Dimmesdale's Angel is probably the single most somber and philosophically intense song I have ever recorded, and may keep that recognition for some time. Those of you familiar with Nathaniel Hawthorne's 'The Scarlet Letter' will likely understand the reference, and probably recognize the spoken word passage used through the song. The Robot Junkyard robot choir The Singing Sines makes an appearance here reciting a chapter 12 passage that explores the perceived meanings behind a meteor sighting by Arthur Dimmesdale. Arthur Dimmesdale is a primary protagonist in the story as a Priest that is responsible for the out-of-wedlock pregnancy of Hester Prynne in 17th century Puritanical Boston. Today's reality TV and soaps have nothing on the heretical story lines Hawthorne packed into 'The Scarlet Letter' back in 1850.
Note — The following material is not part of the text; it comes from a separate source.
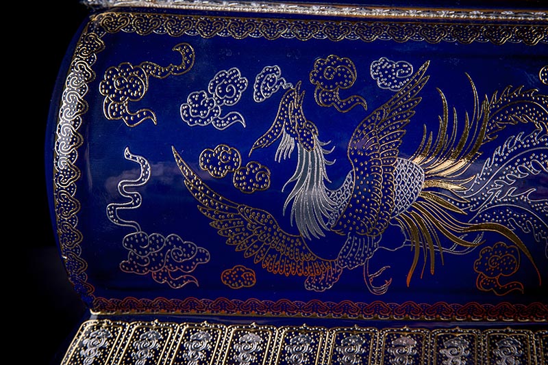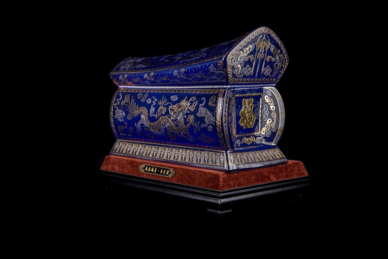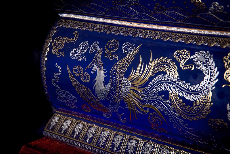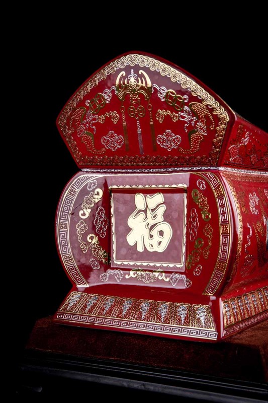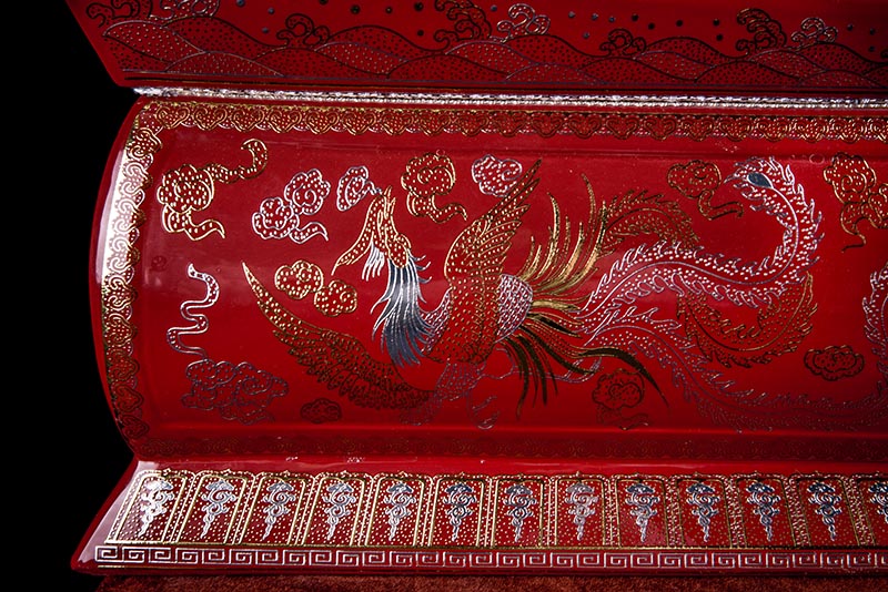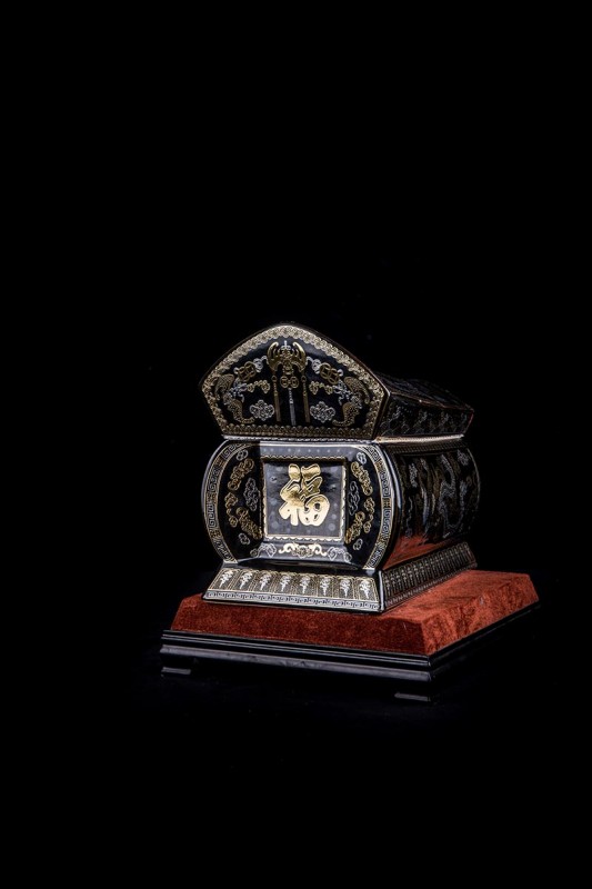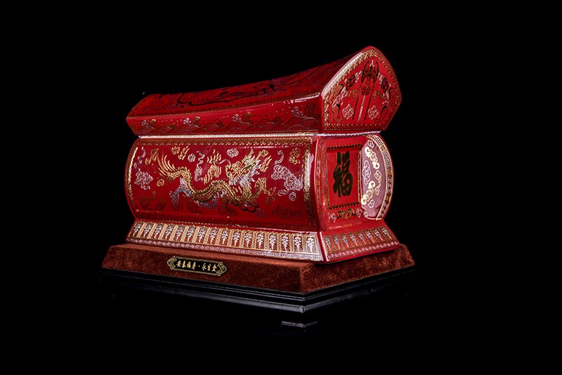 這款【金銀龍鳳】系列產(chǎn)品器型是傳統(tǒng)的長(zhǎng)棺造型,古人常說(shuō):見(jiàn)棺者,升官發(fā)財(cái),可見(jiàn)它的美好寓意。我們可以看到這款產(chǎn)品,一面龍,一面鳳,素有“龍鳳呈祥”一說(shuō),采用的是“錯(cuò)金銀”工藝,它是中國(guó)非物質(zhì)文化遺產(chǎn)名錄的一項(xiàng)美麗的藝術(shù),源自于“春秋戰(zhàn)國(guó)時(shí)期”至今已經(jīng)2000多年,把這種精湛工藝運(yùn)用到我們永生盒,既是傳承,亦是發(fā)揚(yáng)!尺寸:400x220x290mm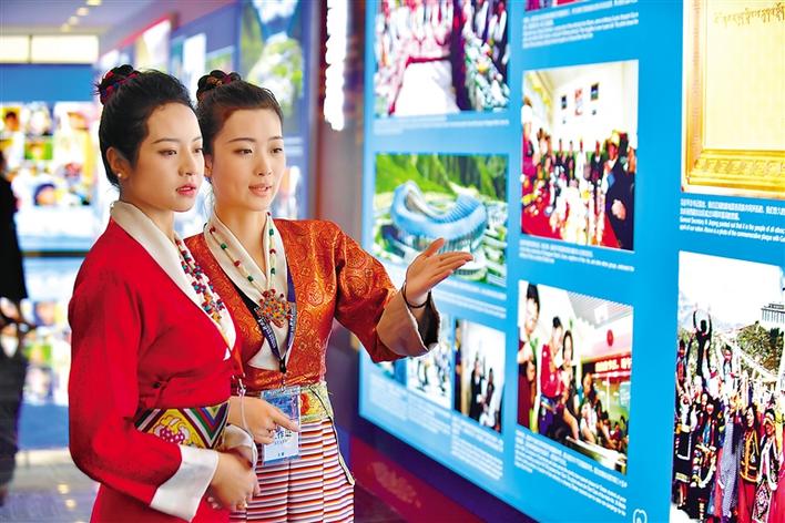 一幅幅精美絕倫的照片、一幀幀生動(dòng)直觀的視頻畫面、一個(gè)個(gè)獨(dú)特壯觀的實(shí)物模型、一次次活潑有趣的互動(dòng)展示,全面、立體、生動(dòng)地向中外嘉賓展示了西藏和平解放70年來經(jīng)濟(jì)社會(huì)發(fā)展的歷史性成就,展示了中國共產(chǎn)黨團(tuán)結(jié)帶領(lǐng)西藏各族人民創(chuàng)造了彪炳千秋、利澤萬代、亙古未有的歷史功績(jī)。

Much like Arthur Dimmesdale's character, the song runs the gamut of emotions throughout, making sudden shifts that both reward and disappoint the listener, leading to the guilted loneliness that eventually envelopes Arthur.
Instruments used include: Logic EXS24, EVOC, and Ultrabeat. G-Force impOSCar, M-Tron Pro, and Virtual String Machine. And a little Plogue Chipsounds. As noted above, The Singing Sines provide the spoken word recitation, which meant heavy use of Logic's vocoder. It is quite the challenge to get a vocoded lyric line to sit nicely in a mix, but I do find myself improving with each use.
The cover art uses a stylized letter A to represent the meteor, or shooting star, that is central to the referenced passage. A scarlet A worn on the outer clothing was used to publicly humiliate those guilty of adultery in Puritan society. Whereas Arthur was a Priest he could not be publicly found 'guilty' of an act he could not commit, so the interpretation of the meteor as a scarlet A by Arthur was a sign from the heavens and God above that he was truly guilty of his hidden sin.
The fifth track on this EP, Dimmesdale's Angel (Acapella Edit), is a condensed version of the original focusing primarily on the spoken word recitation of the novel's passage.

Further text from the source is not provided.